WORK INSTRUCTIONS
Wherever a picture appears, leave it out, and transcribe the rest of the records exactly.

DATA PROVIDED
● ● ● ●

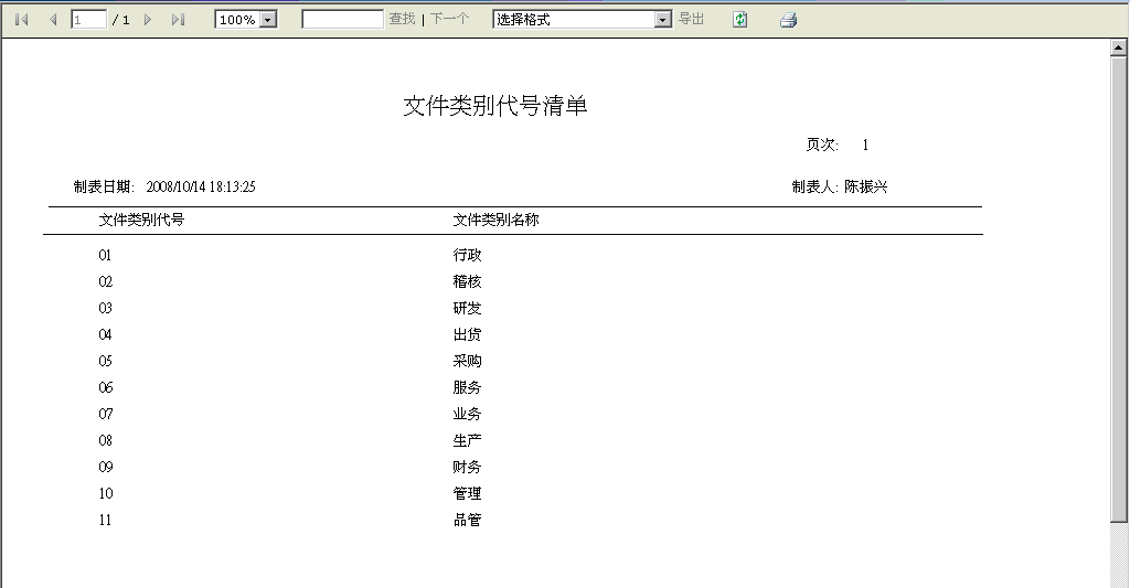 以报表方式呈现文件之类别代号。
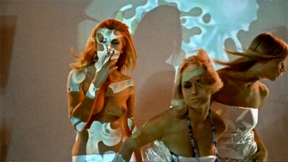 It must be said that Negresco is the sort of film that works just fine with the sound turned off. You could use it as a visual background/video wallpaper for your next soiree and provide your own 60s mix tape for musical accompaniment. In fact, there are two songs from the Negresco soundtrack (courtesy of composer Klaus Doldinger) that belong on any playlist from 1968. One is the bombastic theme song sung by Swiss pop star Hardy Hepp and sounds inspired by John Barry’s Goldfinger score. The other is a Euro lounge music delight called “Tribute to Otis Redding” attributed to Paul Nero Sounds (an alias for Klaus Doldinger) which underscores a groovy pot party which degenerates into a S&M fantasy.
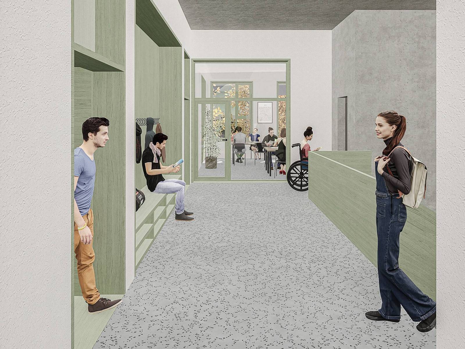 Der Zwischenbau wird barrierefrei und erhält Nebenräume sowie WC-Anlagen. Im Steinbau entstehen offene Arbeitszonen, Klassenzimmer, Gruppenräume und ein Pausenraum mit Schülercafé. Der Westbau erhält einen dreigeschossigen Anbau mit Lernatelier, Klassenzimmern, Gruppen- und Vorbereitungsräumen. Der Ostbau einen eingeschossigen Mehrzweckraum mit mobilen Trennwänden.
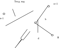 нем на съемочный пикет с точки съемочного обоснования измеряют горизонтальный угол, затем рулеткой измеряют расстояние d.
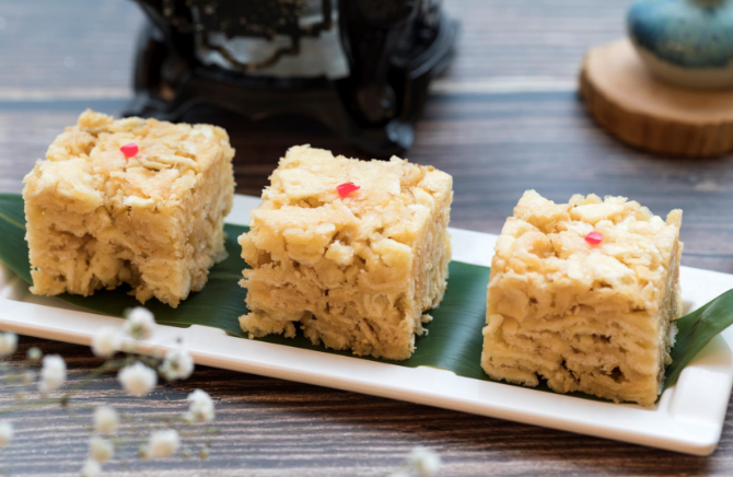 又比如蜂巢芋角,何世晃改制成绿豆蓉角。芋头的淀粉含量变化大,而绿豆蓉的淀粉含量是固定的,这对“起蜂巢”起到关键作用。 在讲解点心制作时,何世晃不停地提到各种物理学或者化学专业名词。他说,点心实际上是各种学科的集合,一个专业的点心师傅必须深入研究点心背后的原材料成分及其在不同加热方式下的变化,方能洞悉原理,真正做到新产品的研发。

● ● ● ●

FINISHED TASK
 以报表方式呈现文件之类别代号。
 It must be said that Negresco is the sort of film that works just fine with the sound turned off. You could use it as a visual background/video wallpaper for your next soiree and provide your own 60s mix tape for musical accompaniment. In fact, there are two songs from the Negresco soundtrack (courtesy of composer Klaus Doldinger) that belong on any playlist from 1968. One is the bombastic theme song sung by Swiss pop star Hardy Hepp and sounds inspired by John Barry’s Goldfinger score. The other is a Euro lounge music delight called “Tribute to Otis Redding” attributed to Paul Nero Sounds (an alias for Klaus Doldinger) which underscores a groovy pot party which degenerates into a S&M fantasy.
 Der Zwischenbau wird barrierefrei und erhält Nebenräume sowie WC-Anlagen. Im Steinbau entstehen offene Arbeitszonen, Klassenzimmer, Gruppenräume und ein Pausenraum mit Schülercafé. Der Westbau erhält einen dreigeschossigen Anbau mit Lernatelier, Klassenzimmern, Gruppen- und Vorbereitungsräumen. Der Ostbau einen eingeschossigen Mehrzweckraum mit mobilen Trennwänden.
 нем на съемочный пикет с точки съемочного обоснования измеряют горизонтальный угол, затем рулеткой измеряют расстояние d.
 又比如蜂巢芋角,何世晃改制成绿豆蓉角。芋头的淀粉含量变化大,而绿豆蓉的淀粉含量是固定的,这对“起蜂巢”起到关键作用。 在讲解点心制作时,何世晃不停地提到各种物理学或者化学专业名词。他说,点心实际上是各种学科的集合,一个专业的点心师傅必须深入研究点心背后的原材料成分及其在不同加热方式下的变化,方能洞悉原理,真正做到新产品的研发。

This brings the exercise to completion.